#### WHAT YOU WILL DO
Make an exact copy, from the records below, of the lines from the line containing "可以看到FutureTask" to the line containing "Brian Kelsey Motion", both lines included, excluding pictures.

#### RECORD EXTRACTS

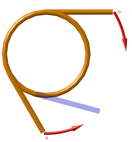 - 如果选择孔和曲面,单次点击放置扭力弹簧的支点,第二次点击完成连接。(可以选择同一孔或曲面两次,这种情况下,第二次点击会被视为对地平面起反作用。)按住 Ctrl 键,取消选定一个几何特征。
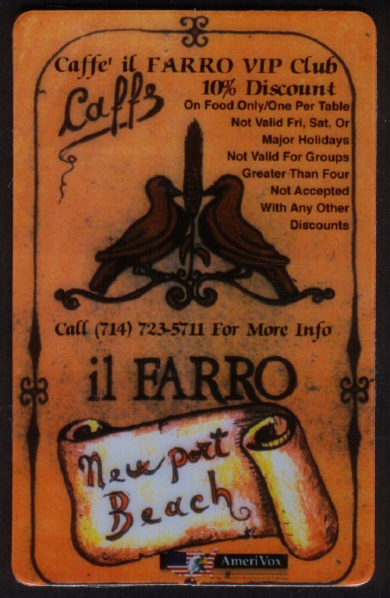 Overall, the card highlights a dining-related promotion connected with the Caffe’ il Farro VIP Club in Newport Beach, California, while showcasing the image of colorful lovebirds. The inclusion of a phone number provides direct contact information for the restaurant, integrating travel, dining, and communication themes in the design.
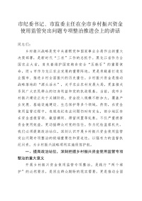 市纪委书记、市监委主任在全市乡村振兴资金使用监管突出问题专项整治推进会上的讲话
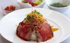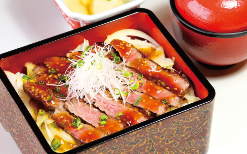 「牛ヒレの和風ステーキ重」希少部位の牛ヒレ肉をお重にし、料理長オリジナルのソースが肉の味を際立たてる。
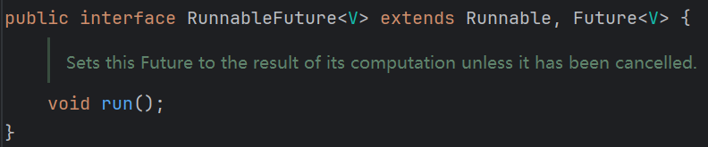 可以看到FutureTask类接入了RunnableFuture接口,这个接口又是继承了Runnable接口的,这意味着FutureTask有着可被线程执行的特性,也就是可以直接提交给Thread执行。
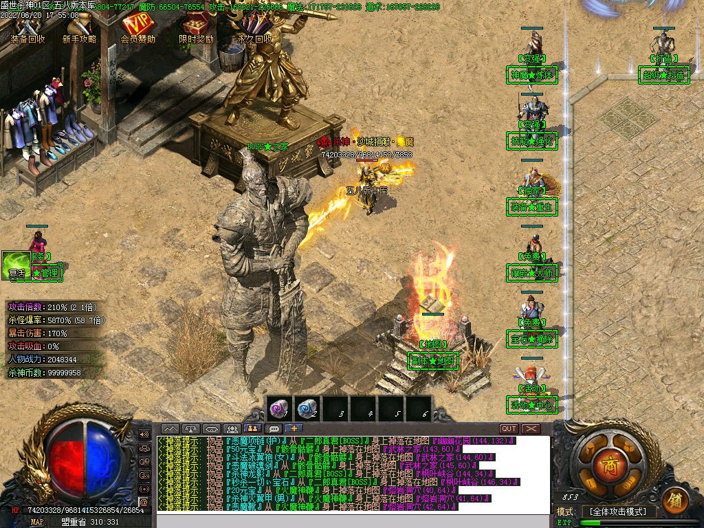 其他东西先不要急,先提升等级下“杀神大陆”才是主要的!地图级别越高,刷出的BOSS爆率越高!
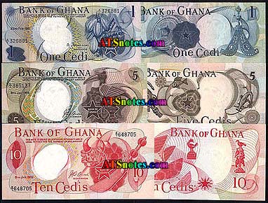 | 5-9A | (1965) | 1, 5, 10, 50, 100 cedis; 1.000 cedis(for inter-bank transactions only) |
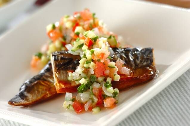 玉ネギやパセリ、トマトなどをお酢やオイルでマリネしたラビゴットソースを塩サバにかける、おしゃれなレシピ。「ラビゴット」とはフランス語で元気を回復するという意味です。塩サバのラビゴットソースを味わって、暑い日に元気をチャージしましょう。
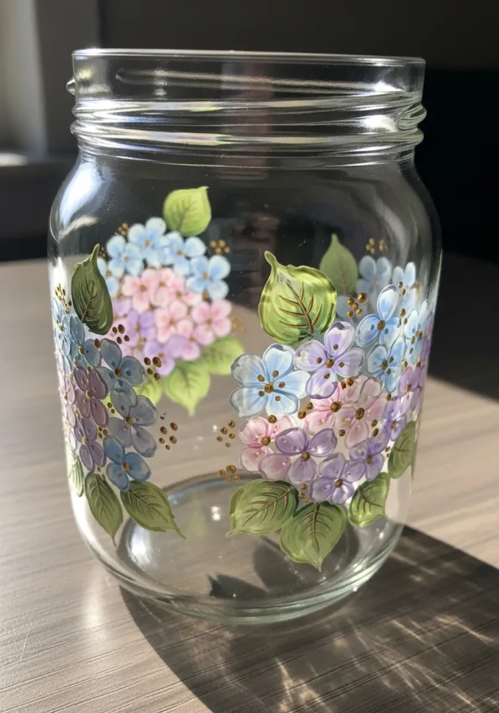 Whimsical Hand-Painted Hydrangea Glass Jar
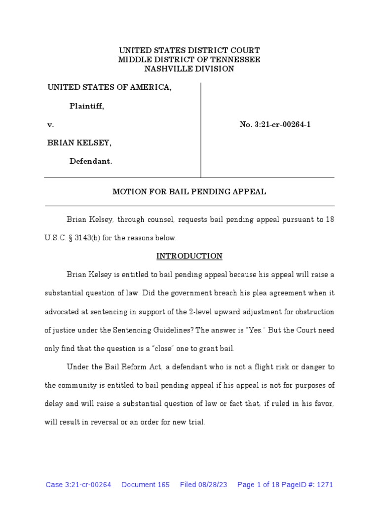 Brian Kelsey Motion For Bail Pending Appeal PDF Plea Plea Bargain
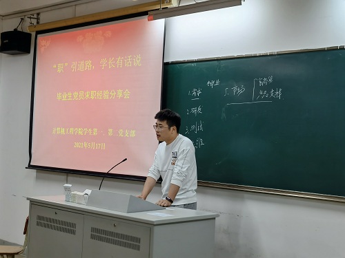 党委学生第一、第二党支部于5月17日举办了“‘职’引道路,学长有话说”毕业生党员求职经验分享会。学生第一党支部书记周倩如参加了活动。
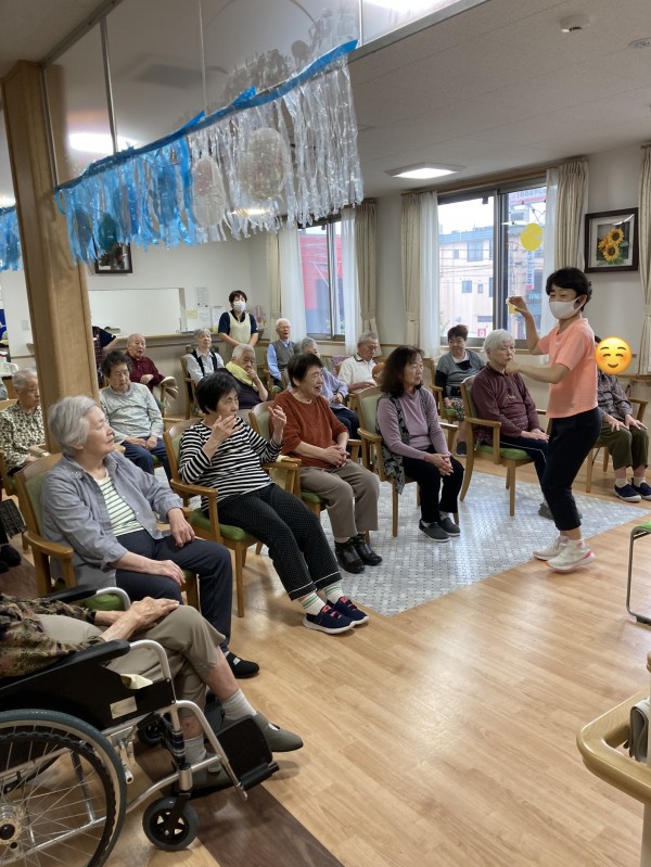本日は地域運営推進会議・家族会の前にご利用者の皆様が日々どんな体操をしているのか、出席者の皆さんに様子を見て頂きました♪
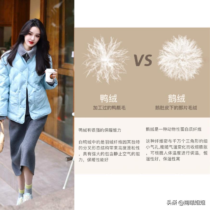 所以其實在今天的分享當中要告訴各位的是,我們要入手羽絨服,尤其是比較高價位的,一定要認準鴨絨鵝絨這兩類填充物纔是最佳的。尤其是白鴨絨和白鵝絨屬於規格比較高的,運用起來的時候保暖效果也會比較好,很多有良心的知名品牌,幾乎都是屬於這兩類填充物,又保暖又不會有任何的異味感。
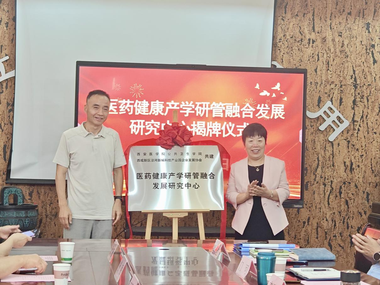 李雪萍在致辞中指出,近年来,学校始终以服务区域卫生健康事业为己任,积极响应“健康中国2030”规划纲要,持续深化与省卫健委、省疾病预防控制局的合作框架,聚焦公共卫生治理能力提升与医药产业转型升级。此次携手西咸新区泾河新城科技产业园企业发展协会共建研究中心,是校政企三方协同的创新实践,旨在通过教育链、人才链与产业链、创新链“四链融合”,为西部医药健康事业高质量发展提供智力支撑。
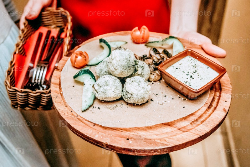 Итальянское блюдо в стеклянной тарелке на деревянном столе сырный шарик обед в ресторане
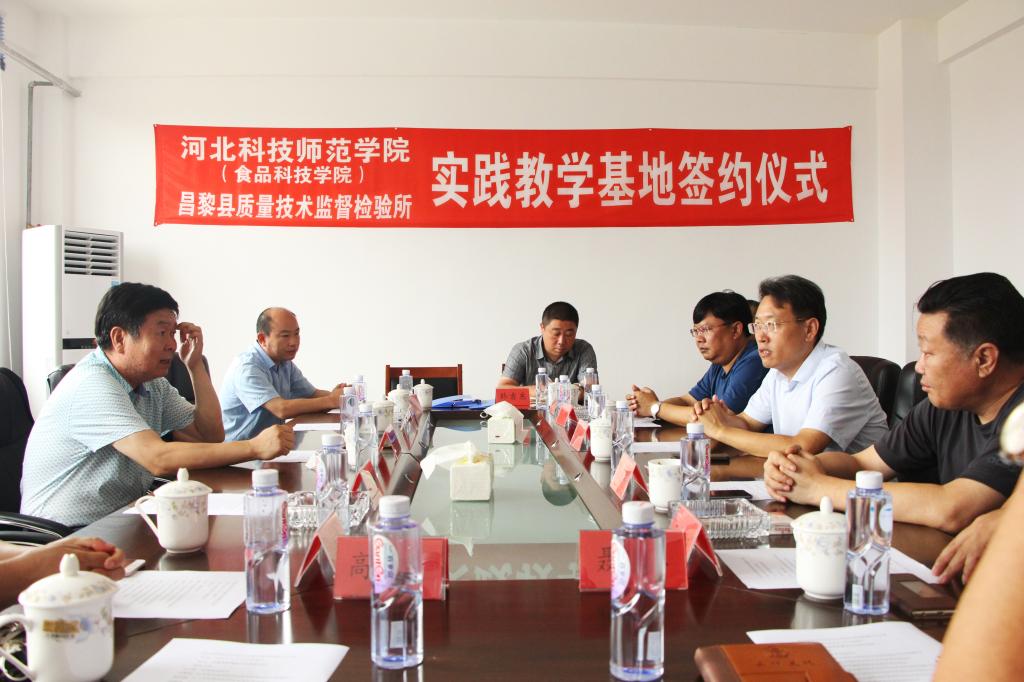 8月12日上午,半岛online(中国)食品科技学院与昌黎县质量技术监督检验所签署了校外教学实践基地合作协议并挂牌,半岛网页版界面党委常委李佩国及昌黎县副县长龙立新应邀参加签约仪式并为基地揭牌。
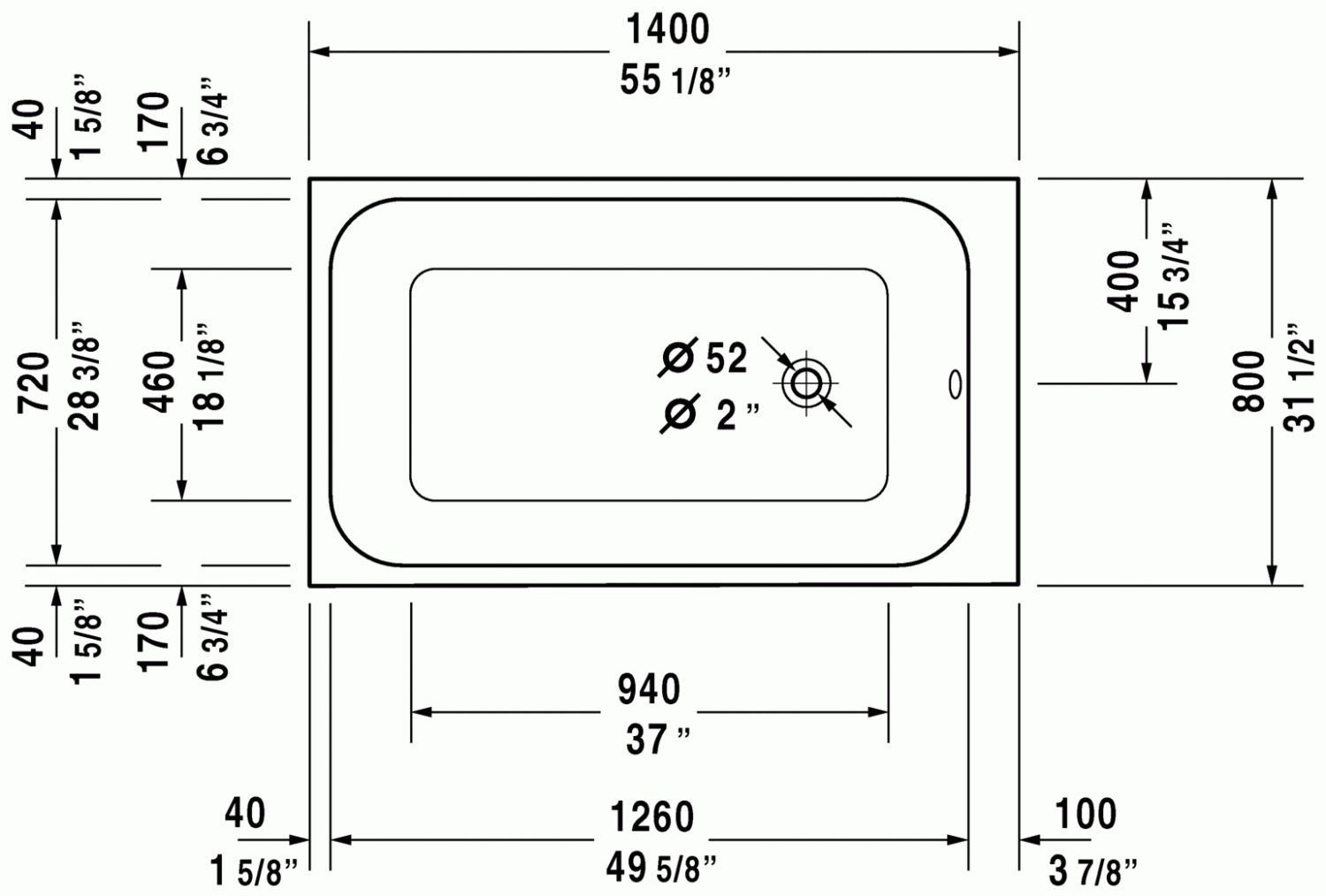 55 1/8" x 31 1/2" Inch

#### SOLVED PROBLEM
 可以看到FutureTask类接入了RunnableFuture接口,这个接口又是继承了Runnable接口的,这意味着FutureTask有着可被线程执行的特性,也就是可以直接提交给Thread执行。
 其他东西先不要急,先提升等级下“杀神大陆”才是主要的!地图级别越高,刷出的BOSS爆率越高!
 | 5-9A | (1965) | 1, 5, 10, 50, 100 cedis; 1.000 cedis(for inter-bank transactions only) |
 玉ネギやパセリ、トマトなどをお酢やオイルでマリネしたラビゴットソースを塩サバにかける、おしゃれなレシピ。「ラビゴット」とはフランス語で元気を回復するという意味です。塩サバのラビゴットソースを味わって、暑い日に元気をチャージしましょう。
 Whimsical Hand-Painted Hydrangea Glass Jar
 Brian Kelsey Motion For Bail Pending Appeal PDF Plea Plea Bargain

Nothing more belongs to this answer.